_Work instructions_
Every entry below must be retyped exactly, and the pictures must be left out.

[Stored data]
====================
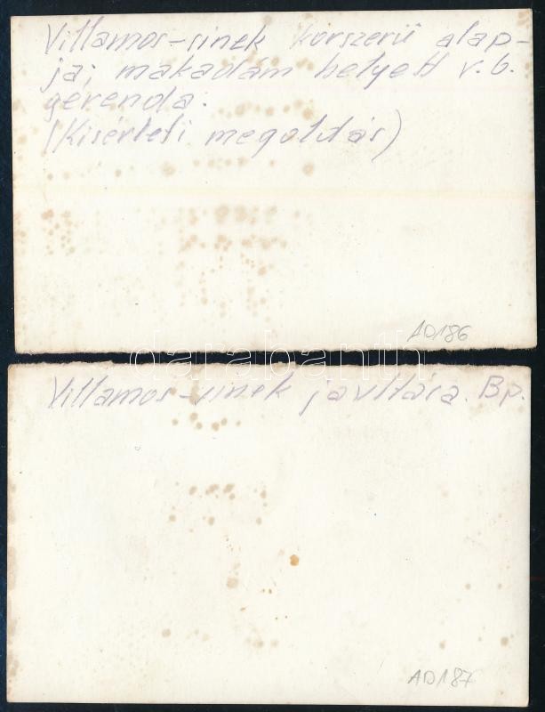 Leírás: cca 1940-1950 Bp., villamos sínek javítása, korszerűsítése, 2 db fotó, hátoldalukon feliratozva, 9x6 cm
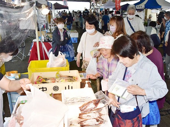 海産物を中心に扱う尾鷲の恒例朝市「イタダキ市」が4日、尾鷲魚市場で開かれた。5か月ぶりの実施で、雨が降る中、市民ら多数が訪れて買い物を楽しんだ。 新型コロナウイルス感染症拡大の影... 続きを読む
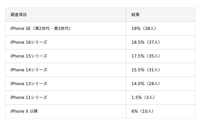 今回の調査では、最も利用者が多いシリーズは「iPhone SEシリーズ」(19%) という結果となりました。最新の16シリーズ(18%)や15シリーズ(17%)を上回り、SEシリーズの根強い人気が明らかになっています。
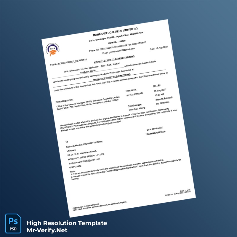 Streamline Your Employment Verification with the India Mahanadi Coalfields Limited Award Letter Template
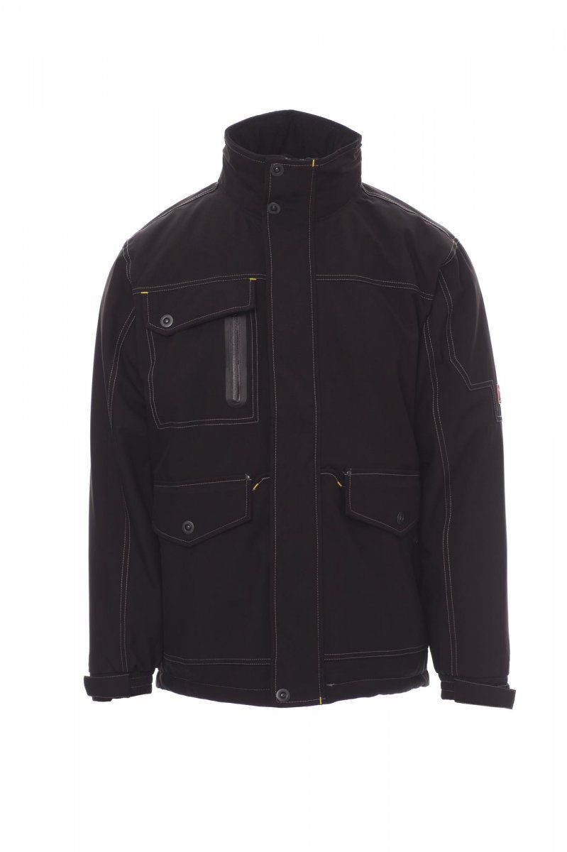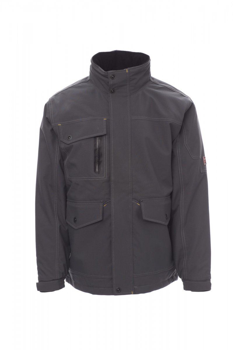 THUNDER Giubbotto da uomo, zip 8mm in plastica e patta di copertura con velcro, tessuto tecnico traspirante, elasticizzato, cuciture termosaldate, cappucciosagomato richiudibile nel colletto, polsini regolabili, 4 ampie tasche frontali di cui 2 con patta e cerniera, due al petto con cerniera nastrata, bottoni automatici in metallo, cuciture a contrasto silver grey. Interno: imbottito, fodera in maglia di poliestere. Composizione: 100% POLIESTERE Peso: 190 GR/MQ
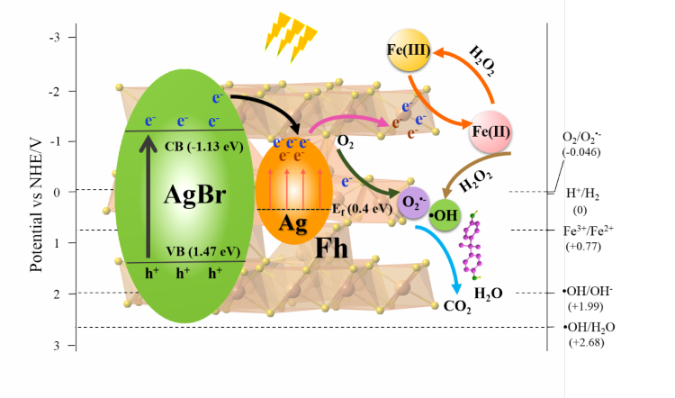 图1. Ag/AgBr/Fh体系中可能的光芬顿催化机理图
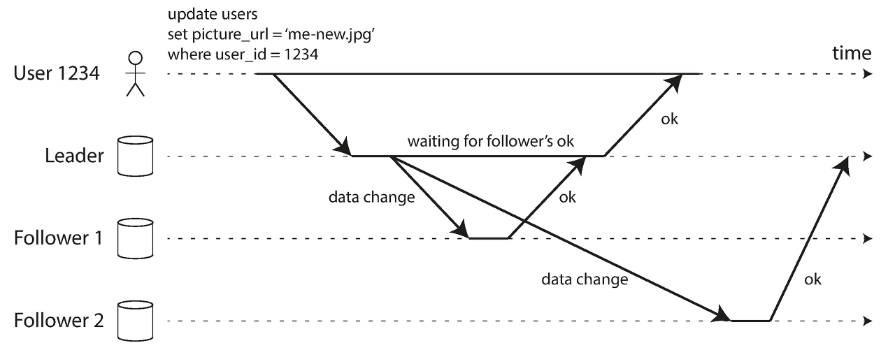 보통 리더 기반 복제의 경우 완전히 비동기식으로 구성합니다. 리더가 잘못돼서 복구할 수 없는 경우 데이터가 유실될 수 있습니다. 하지만 모든 팔로워가 잘못되더라도 리더는 쓰기 처리를 계속할 수 있습니다.
====================
_Written answer_
 Leírás: cca 1940-1950 Bp., villamos sínek javítása, korszerűsítése, 2 db fotó, hátoldalukon feliratozva, 9x6 cm
 海産物を中心に扱う尾鷲の恒例朝市「イタダキ市」が4日、尾鷲魚市場で開かれた。5か月ぶりの実施で、雨が降る中、市民ら多数が訪れて買い物を楽しんだ。 新型コロナウイルス感染症拡大の影... 続きを読む
 今回の調査では、最も利用者が多いシリーズは「iPhone SEシリーズ」(19%) という結果となりました。最新の16シリーズ(18%)や15シリーズ(17%)を上回り、SEシリーズの根強い人気が明らかになっています。
 Streamline Your Employment Verification with the India Mahanadi Coalfields Limited Award Letter Template
 THUNDER Giubbotto da uomo, zip 8mm in plastica e patta di copertura con velcro, tessuto tecnico traspirante, elasticizzato, cuciture termosaldate, cappucciosagomato richiudibile nel colletto, polsini regolabili, 4 ampie tasche frontali di cui 2 con patta e cerniera, due al petto con cerniera nastrata, bottoni automatici in metallo, cuciture a contrasto silver grey. Interno: imbottito, fodera in maglia di poliestere. Composizione: 100% POLIESTERE Peso: 190 GR/MQ
 图1. Ag/AgBr/Fh体系中可能的光芬顿催化机理图
 보통 리더 기반 복제의 경우 완전히 비동기식으로 구성합니다. 리더가 잘못돼서 복구할 수 없는 경우 데이터가 유실될 수 있습니다. 하지만 모든 팔로워가 잘못되더라도 리더는 쓰기 처리를 계속할 수 있습니다.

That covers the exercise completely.